On a prototype locomotive, When you open the throttle to the next notch, the engine RPM increases as fast as the laws of physics will allow it to happen. It is a very quick thing. It doesn't take a couple of seconds or a few seconds, but more like one second or less. You ~can~ hear it happen, but it is very quick. If, for example, you are running downhill, and have shut off the dynamic brakes after reaching the bottom, and you pull the throttle from the idle-stop directly to notch 5 so that you can run away from the slack as you start back uphill, the engine will spool-up to notch 5 RPM immediately. That is, in one second or less. When you are starting a train from a standing stop, as in a yard, you can't jerk the throttle open to notch 5 or you will break a knuckle - or worse. So then, in such a situation the engine RPM will increase in 7 or less discrete steps over a period of time as the engine driver advances the throttle to increase the pulling force applied the train.

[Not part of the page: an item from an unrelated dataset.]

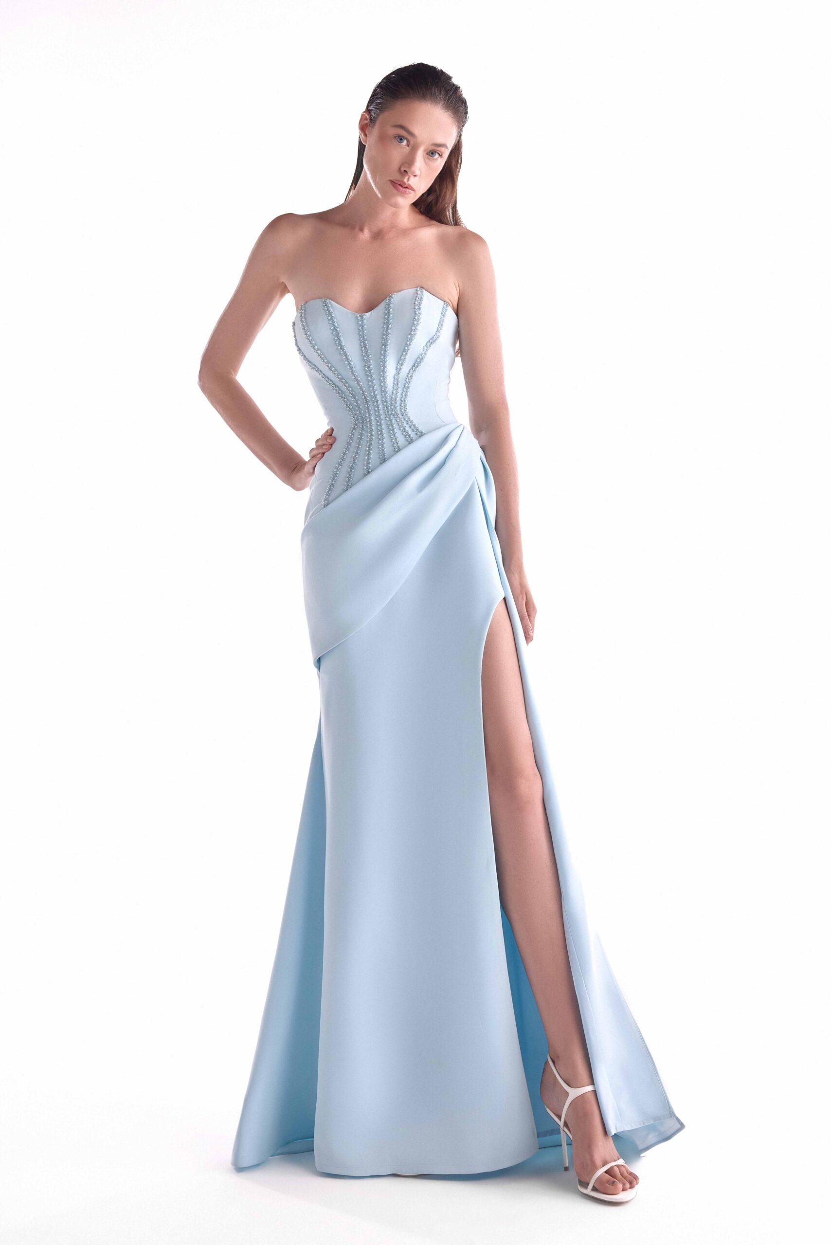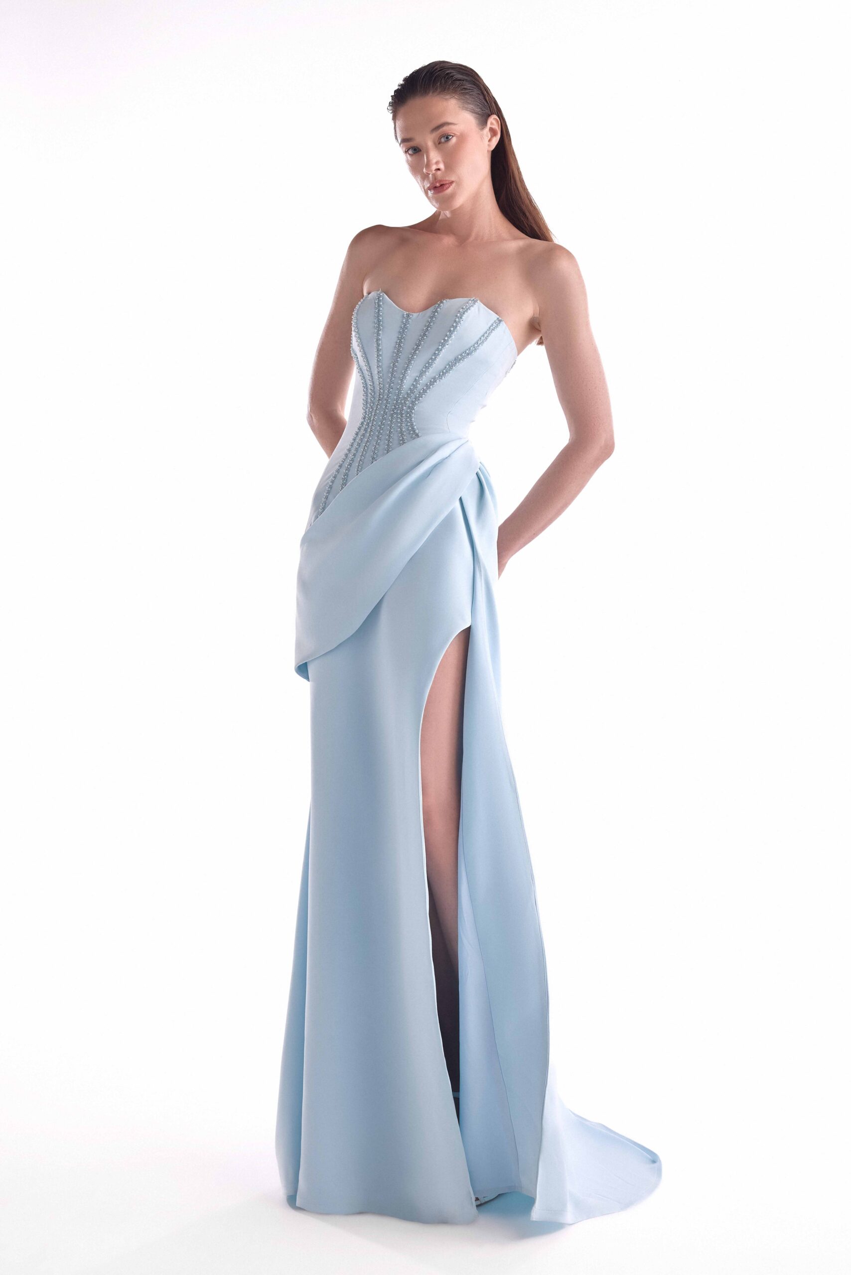 Radiant ice blue gown with beaded contouring and a fluid draped side panel that softens its high-slit silhouette.

This can vary according to the type of control system that is engineered into the locomotive. For example: Some of the locomotives I operated had engines that would spool-up to notch five as soon as you came off the idle-stop into throttle notch
- As soon as you moved into notch 6, the engine would spool-up to notch 8. In these locomotives, the engine ran at a pre-determined speed and control was acheived by varying the excitation to the main alternator. They behaved dynamically just like a machine with discrete engine RPM settings, but to the ear of the listener they were very different.
Now, with this decoder we are talking about, I have no idea how it sounds, BUT -
- - until the sound is somehow integrated into the mechanical dynamics of the locomotive, and until the sound is engineered to be user-definable with regards to emulating the desired prime mover, horn and bell, it sux and will continue to suk.
Froggy,